> **ACTIVITY**
Everything from the line containing "ライトアップが切り替わる合間" through the line containing "Кровать-чердак ДС-12 —" in the listing below should be copied exactly, and nothing more.

> **DATA RECORDS**
+===+
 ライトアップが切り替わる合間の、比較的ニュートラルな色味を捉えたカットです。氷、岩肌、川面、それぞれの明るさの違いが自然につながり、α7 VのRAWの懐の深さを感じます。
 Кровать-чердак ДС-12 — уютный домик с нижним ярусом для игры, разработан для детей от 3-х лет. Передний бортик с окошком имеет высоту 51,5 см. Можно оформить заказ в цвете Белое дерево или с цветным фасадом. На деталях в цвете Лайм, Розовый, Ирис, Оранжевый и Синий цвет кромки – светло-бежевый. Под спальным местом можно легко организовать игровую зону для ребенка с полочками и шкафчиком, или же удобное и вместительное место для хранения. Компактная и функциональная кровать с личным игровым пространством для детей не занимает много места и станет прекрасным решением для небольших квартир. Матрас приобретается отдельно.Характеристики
+===+
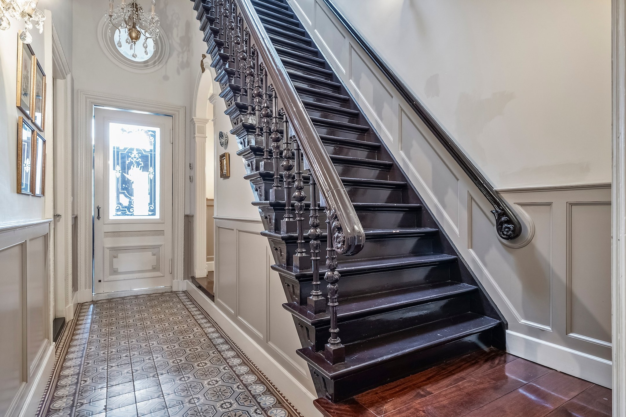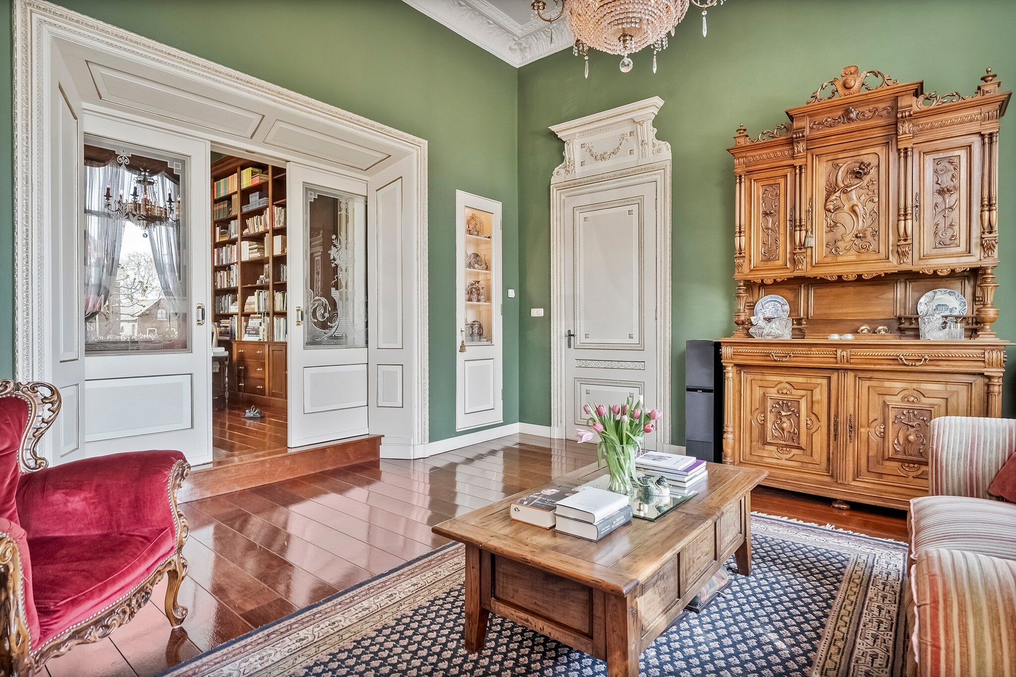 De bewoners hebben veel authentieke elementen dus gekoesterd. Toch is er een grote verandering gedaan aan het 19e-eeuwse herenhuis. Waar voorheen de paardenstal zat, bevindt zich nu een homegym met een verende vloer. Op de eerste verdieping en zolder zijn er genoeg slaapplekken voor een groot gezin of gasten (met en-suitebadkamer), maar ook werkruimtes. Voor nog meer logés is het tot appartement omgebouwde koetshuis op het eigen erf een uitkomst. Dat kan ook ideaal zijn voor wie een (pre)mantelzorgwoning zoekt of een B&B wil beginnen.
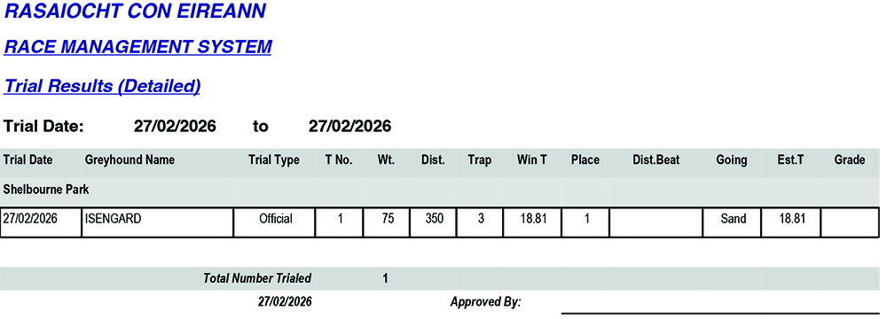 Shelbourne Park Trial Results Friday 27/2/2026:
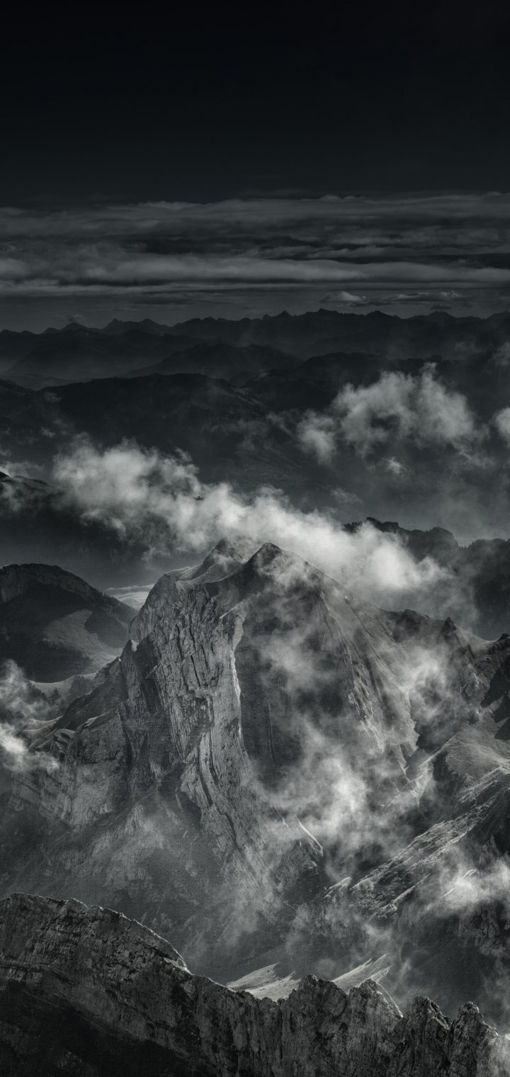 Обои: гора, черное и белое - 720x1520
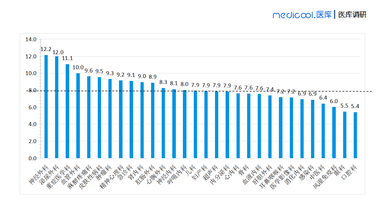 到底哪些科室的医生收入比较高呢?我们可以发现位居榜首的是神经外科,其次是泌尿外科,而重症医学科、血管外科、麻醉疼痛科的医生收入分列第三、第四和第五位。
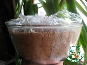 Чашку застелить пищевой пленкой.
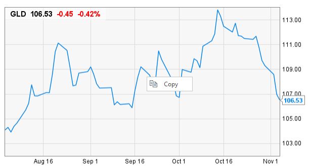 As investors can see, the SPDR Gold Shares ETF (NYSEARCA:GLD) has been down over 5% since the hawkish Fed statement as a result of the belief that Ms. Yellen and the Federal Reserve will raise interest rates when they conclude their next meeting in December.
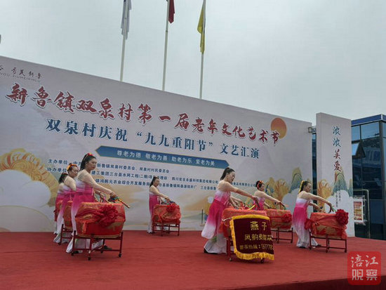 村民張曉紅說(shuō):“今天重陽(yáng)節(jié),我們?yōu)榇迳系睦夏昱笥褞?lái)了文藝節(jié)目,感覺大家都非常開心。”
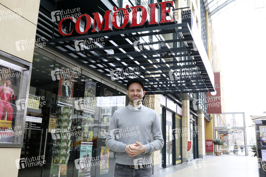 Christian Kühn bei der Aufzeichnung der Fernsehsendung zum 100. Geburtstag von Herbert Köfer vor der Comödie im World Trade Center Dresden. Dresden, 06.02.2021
+===+
> **RESULT**
 ライトアップが切り替わる合間の、比較的ニュートラルな色味を捉えたカットです。氷、岩肌、川面、それぞれの明るさの違いが自然につながり、α7 VのRAWの懐の深さを感じます。
 Кровать-чердак ДС-12 — уютный домик с нижним ярусом для игры, разработан для детей от 3-х лет. Передний бортик с окошком имеет высоту 51,5 см. Можно оформить заказ в цвете Белое дерево или с цветным фасадом. На деталях в цвете Лайм, Розовый, Ирис, Оранжевый и Синий цвет кромки – светло-бежевый. Под спальным местом можно легко организовать игровую зону для ребенка с полочками и шкафчиком, или же удобное и вместительное место для хранения. Компактная и функциональная кровать с личным игровым пространством для детей не занимает много места и станет прекрасным решением для небольших квартир. Матрас приобретается отдельно.Характеристики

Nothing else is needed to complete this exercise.